- _Problem requirements_
Could you repeat the records below exactly, leaving out any pictures?

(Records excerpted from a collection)
-----

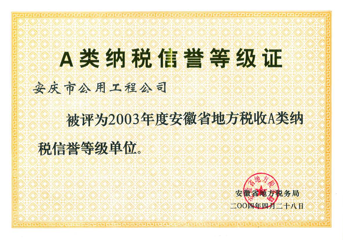 A類(lèi)納稅信譽(yù)等級(jí)證
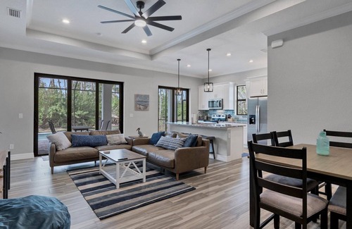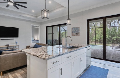 Great room open floor plan with comfortable leather sofas, cocktail tables and dining area, lead to fully equipped kitchen with stainless appliances and granite countertops. Barstools at the island for casual dining. Large flat smart TV on the wall to enjoy your various apps. There is a laundry room off the kitchen with a washer and dryer.
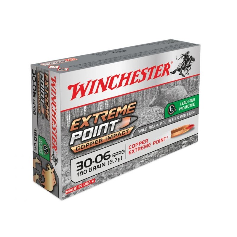 Cartouches à balle Winchester Copper Impact Extreme Point, nouvelles cartouches sans plombs, de calibre 30-06, 100% cuivre, boîtes de 20 cartouches.
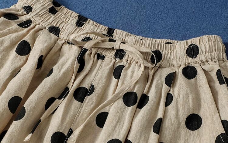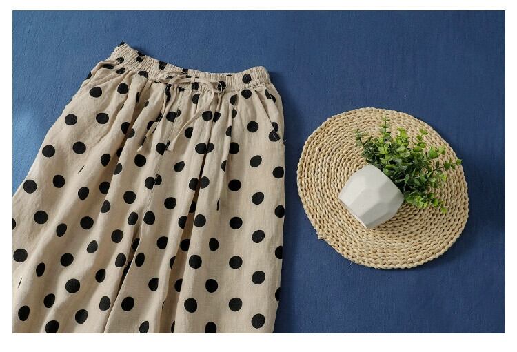 リークを拾います〜カウンターから削除されました、水玉模様の綿とリネンのワイドレッグパンツの女性、芸術的な伸縮性のあるウエスト、痩身、カジュアルなリネンの9点パンツスカート コットン エラスティック sine53155636211
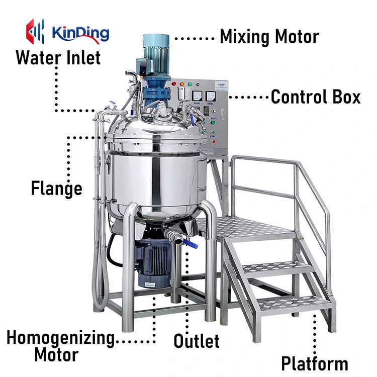 Structural features: Platform-type base (can be integrated with a control cabinet), three-layer insulated tank (inner tank SUS316L, jacket SUS304, outer protective layer SUS304), top-mounted homogenizing emulsifying head (variable frequency speed regulation), explosion-proof sight hole lamp, and sanitary breathing apparatus.

-----

- _Output for this exercise_
 A類(lèi)納稅信譽(yù)等級(jí)證
 Great room open floor plan with comfortable leather sofas, cocktail tables and dining area, lead to fully equipped kitchen with stainless appliances and granite countertops. Barstools at the island for casual dining. Large flat smart TV on the wall to enjoy your various apps. There is a laundry room off the kitchen with a washer and dryer.
 Cartouches à balle Winchester Copper Impact Extreme Point, nouvelles cartouches sans plombs, de calibre 30-06, 100% cuivre, boîtes de 20 cartouches.
 リークを拾います〜カウンターから削除されました、水玉模様の綿とリネンのワイドレッグパンツの女性、芸術的な伸縮性のあるウエスト、痩身、カジュアルなリネンの9点パンツスカート コットン エラスティック sine53155636211
 Structural features: Platform-type base (can be integrated with a control cabinet), three-layer insulated tank (inner tank SUS316L, jacket SUS304, outer protective layer SUS304), top-mounted homogenizing emulsifying head (variable frequency speed regulation), explosion-proof sight hole lamp, and sanitary breathing apparatus.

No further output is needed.